In many cases, metric distance functions take a long time to compute. Because of this, data structures used to index metric spaces are designed to minimize the number of distance computations necessary for searching the whole space by using the properties of its metric function (most notably the triangle inequality) to discard as many objects as possible after every computation.

Use cases & caveats

Metric distance functions can be defined for objects other than points in Euclidian space, too. One very well known distance function is the Levenshtein distance, which is applicable to arbitrary strings. Since it is quite popular and indexing strings is one of the major use cases for metric spaces, an implementation of this function is included in this module. Other metric distance functions for strings are the Damerau-Levenshtein variant and Hamming distance.

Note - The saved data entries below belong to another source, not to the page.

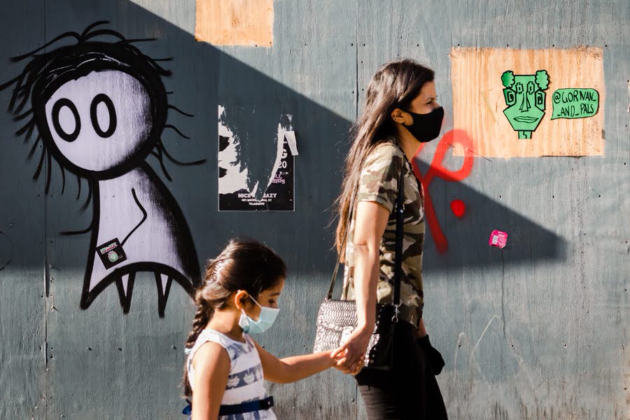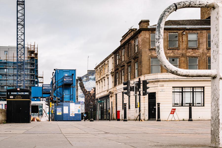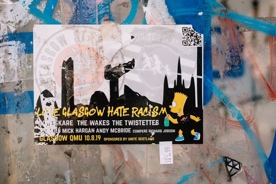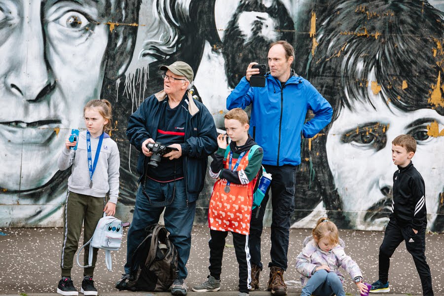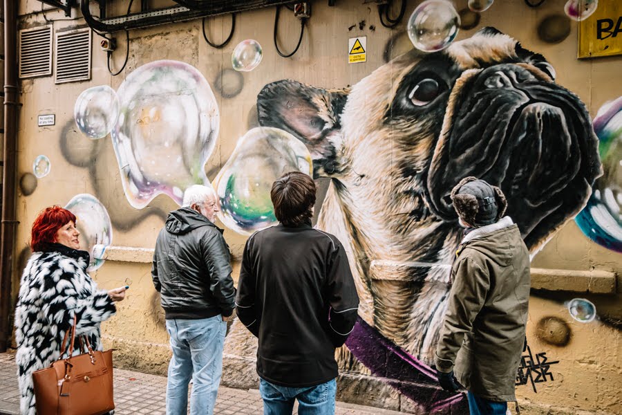 Glasgow Mural Trail pilgrims outside the Bubbles mural by Rogue One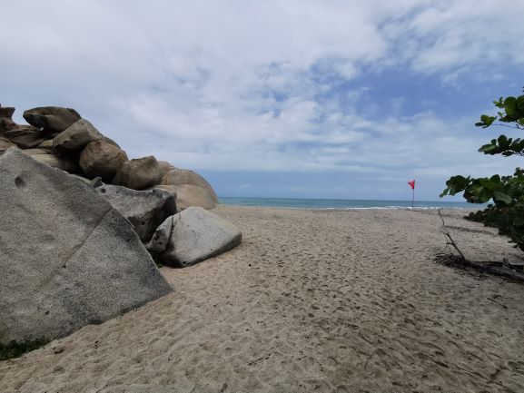 Sur les conseils de notre hôte de Santa Marta, nous nous dirigeons ensuite sur la Playa del Cocos pour prendre notre déjeuner tardif sur le restaurant de la plage et profiter de la baignade le reste de l’après-midi. C’est un sacré bon plan, la plage est bien cachée, il faut en effet vraiment bien connaître pour pouvoir s’y rendre !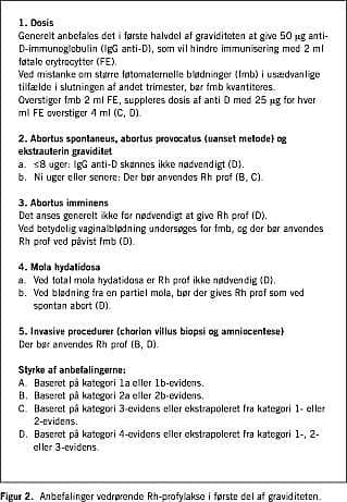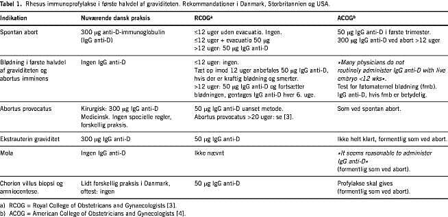 Nogle af de kliniske situationer, der tænkes på i pkt. 3, er: ekstrauterin graviditet, amniocentese, chorion villus biopsi, udvendig vending af fosteret og den fmb, som uden kliniske tegn, forekommer i en betydelig del af graviditeterne især i sidste trimester. Med hensyn til disse indikationer er praksis blevet udviklet lidt forskelligt her i landet, og den adskiller sig på flere punkter fra de principper, man anvender i andre lande, f.eks. i Storbritannien og USA. (Tabel 1 og Tabel 1 i [5]). Med henblik på opdatering af anbefalingerne er der foretaget en kritisk gennemgang af de publikationer om emnet, der blev fundet via MEDLINE og gennem forskellige oversigtsartikler. Denne artikel omhandler nogle basale forhold og problemerne i første halvdel af graviditeten, mens en anden oversigtsartikel [5] omhandler sidste halvdel af graviditeten og fødslen.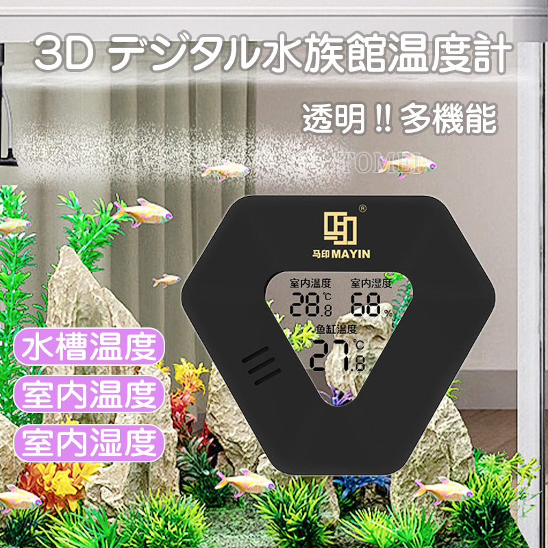 MAYIN マイン 水族館温度計 透明 3Dデジタル水温計 スティックオンタンク温度 透過液晶 電池式 両生類 爬虫類 ワイヤレスC / F おしゃれ 正確な読み取りを保証

These can be used for a variety of tasks, such as spell-checking, record linkage (or "deduplication"), error detection etc.

Please note that indexing a large number of objects usually takes a considerable amount of time and memory. Indexing only pays off if you are going to do a lot of searches in the index. If you just want to search a set of objects for all objects similar to one or a few other objects, you are better off comparing them sequentially by hand with your distance function.

Installation

This file is a stand-alone module for Python 2.4 and later which you only have to save somewhere in your PYTHONPATH. [2] No installation is necessary. The only tight dependencies are the modules sys, random and weakref which are most probably already included in your Python installation.

If you are using this on a 32 Bit i386 machine running Windows or Linux, you probably also want to install Psyco which speeds up execution times quite noticeably (in exchange for only a slightly increased memory usage). Psyco will be used automatically if it is available.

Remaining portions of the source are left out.